(Records begins)

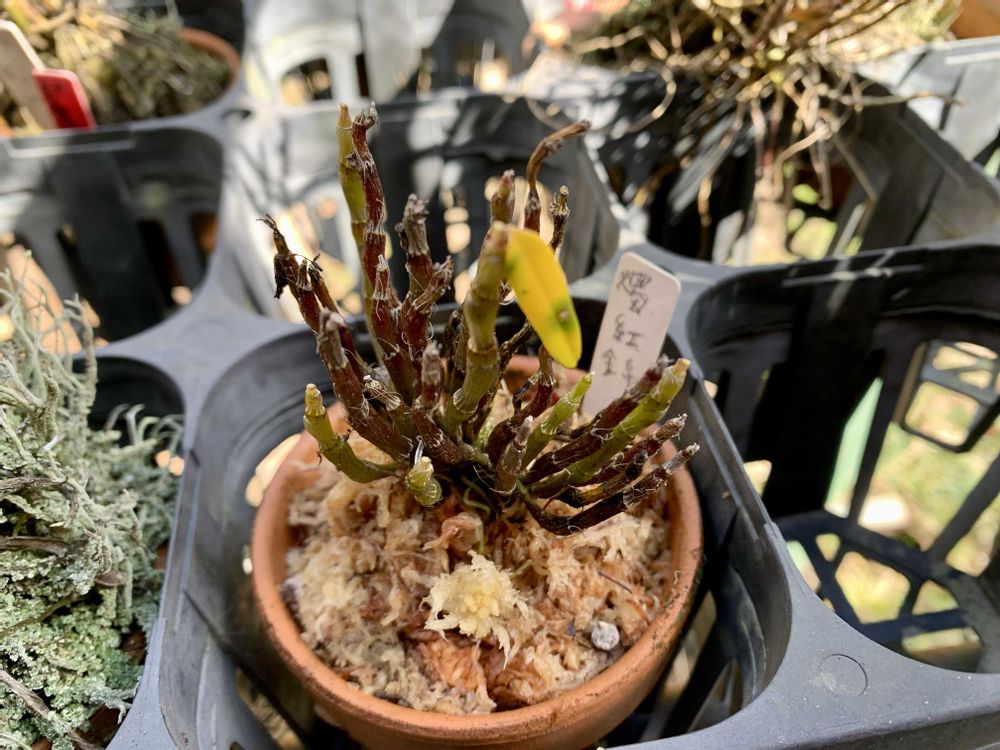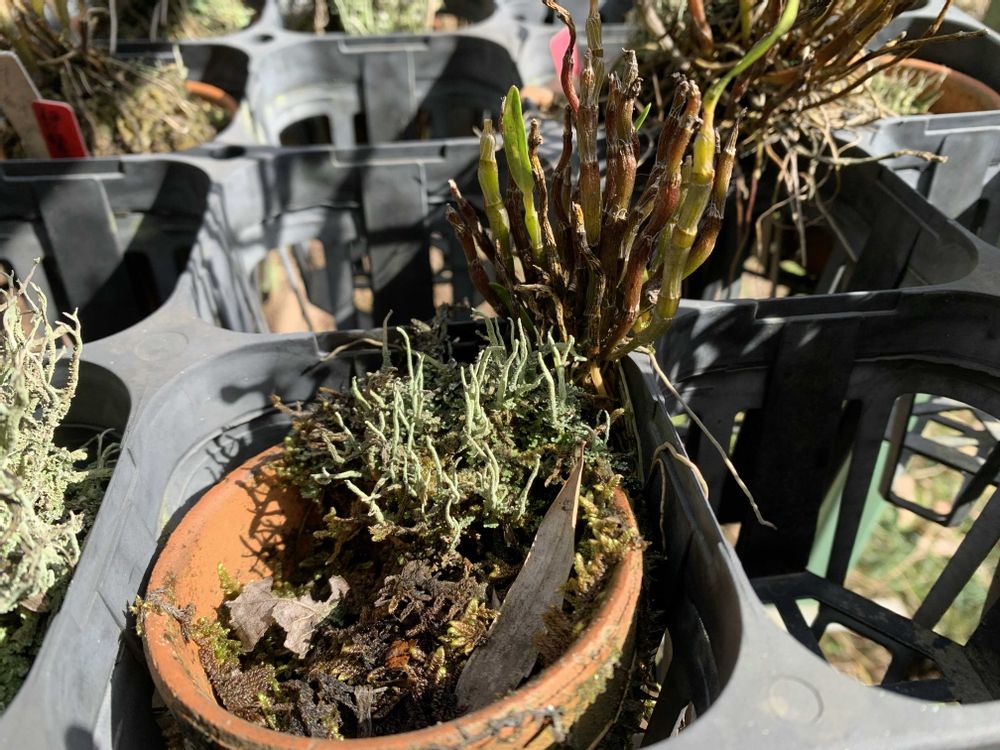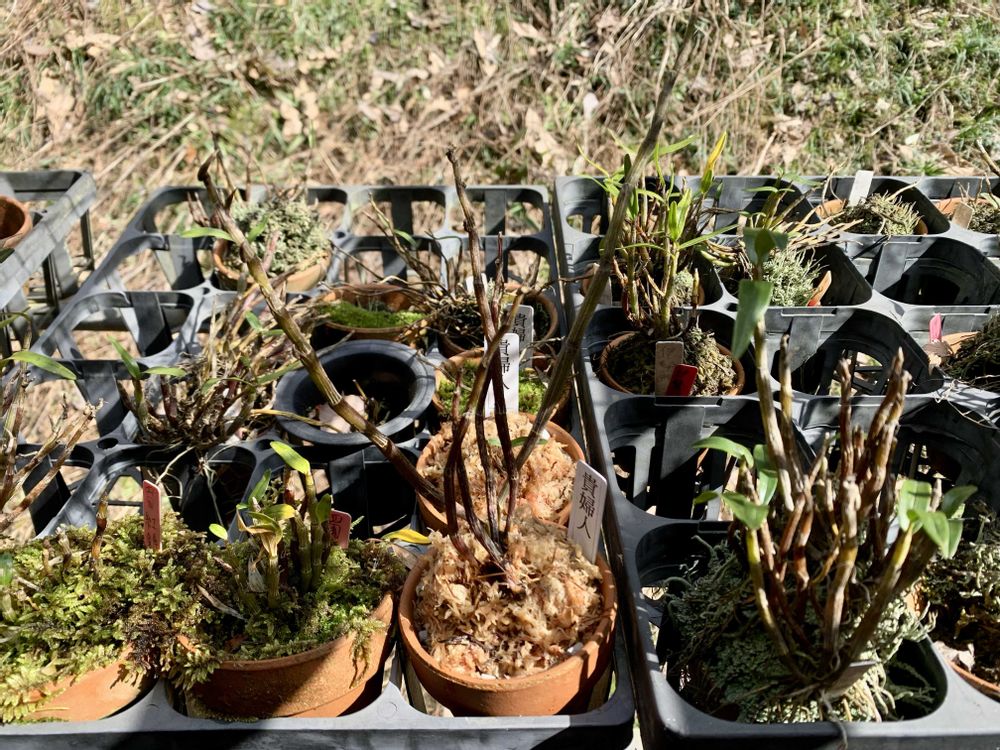セッコク(貴婦人)のもうひとつ砂植えだったのも、またミズゴケで植え直しました😅まだまだいっぱいあるけど、鉢から脱走してるヤツ😱を植え替え💦鉢の中にラベルが残ってました😀燭紅錦さんでした😅家の裏の雪で潰れてたワサビが伸びてきました😀
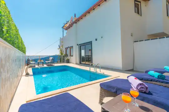 Villa Alkım Bade’nin öne çıkan özelliklerinden biri, size özel kullanım sunan yüzme havuzudur. Havuz terasında yer alan güneşlenme alanları, oturma köşeleri ve manzara eşliğinde dinlenebileceğiniz alanlar sayesinde gün boyunca keyifli vakit geçirebilirsiniz. Doğa ve denizin buluştuğu bu özel atmosfer, özellikle gün batımında unutulmaz anlar yaşamanıza olanak tanır.
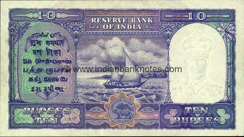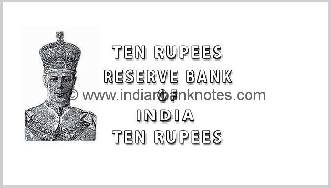 Facing portrait of King George VI. TEN RUPEES / RESERVE BANK /OF / INDIA / TEN RUPEES in five lines.
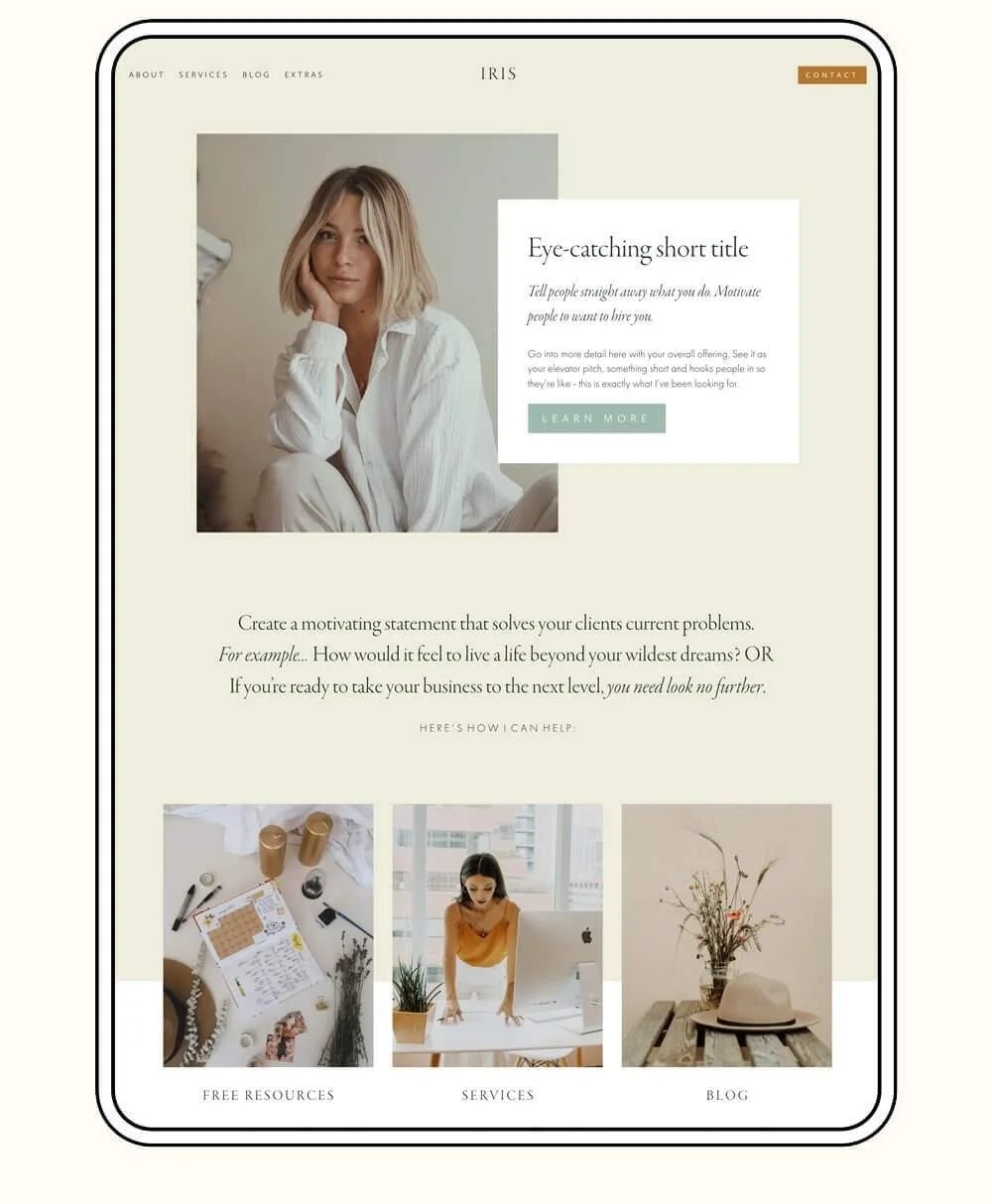 Elizabeth Ellery sells stylish and simple to use Squarespace Website Templates. These designer templates allow you to launch your new website quickly! All templates are strategically designed for service based businesses to start attracting dream clients. All you need to do is change the images, edit the copy, hit publish & you’re live!
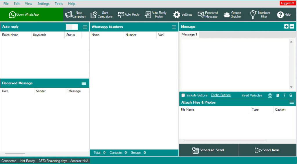 Software berbasis dekstop PC Windows yang dapat digunakan untuk mengirimkan pesan WhatsApp secara massal. Aplikasi ini mudah digunakan, dilengkapi dengan beragam fitur yang sangat powerful untuk kebutuhan WhatsApp Marketing tanpa batas.

(Records ends)

# [Your instructions]
With the pictures left out, copy exactly the lines from the one containing "Elizabeth Ellery sells" through the last line of the data.

# [Completed task]
 Elizabeth Ellery sells stylish and simple to use Squarespace Website Templates. These designer templates allow you to launch your new website quickly! All templates are strategically designed for service based businesses to start attracting dream clients. All you need to do is change the images, edit the copy, hit publish & you’re live!
 Software berbasis dekstop PC Windows yang dapat digunakan untuk mengirimkan pesan WhatsApp secara massal. Aplikasi ini mudah digunakan, dilengkapi dengan beragam fitur yang sangat powerful untuk kebutuhan WhatsApp Marketing tanpa batas.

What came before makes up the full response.